Part One chapters alternate between Finn's and Roza's point of view as we learn about them and their situations. Finn grows attracted to Priscilla, a beekeeper about his age, who because of her looks has never attracted male attention. In Part Two, Ruby adds chapters from Sean's and Priscilla's point of views to those of Finn and Roza. Part Three resolves the questions the book has provoked.

So Bone Gap is an interesting amalgam of verisimilitude and fantasy, or realism and fairy tale. Ordinarily, I don't care for such a mixture; I like my realism to be realistic, my fantasy to be fantastic. Bone Gap is the exception, perhaps because Ruby has created such interesting characters.

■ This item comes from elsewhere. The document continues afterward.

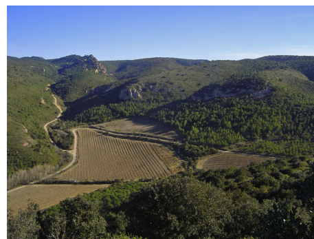
Le vignoble cultivé derrière l'abbaye (janvier 2007).

The story held my interest and there was not a point where I was jolted out of my willing suspension of my disbelief. 

In addition, Ruby writes so well. Here's the first description of Roza's kidnapper: "But he would smile that bland, pleasant smile—the smile of an uncle, a teacher, a clerk, all those men with all those teeth—a smile that made him all the more terrifying." And here's a crowd watching Priscilla retrieve an escaped bee swarm: "Their voices washed over Finn the way they always did. Like a strange sort of choir music, one voice blending into the next, the refrains so familiar that he could have mouthed the words along with them." I also recommend studying her dialogue, which reveals character and advances the story.

For readers who have young friends, I suggest you introduce them to Bone Gap. But you might want to read it yourself first.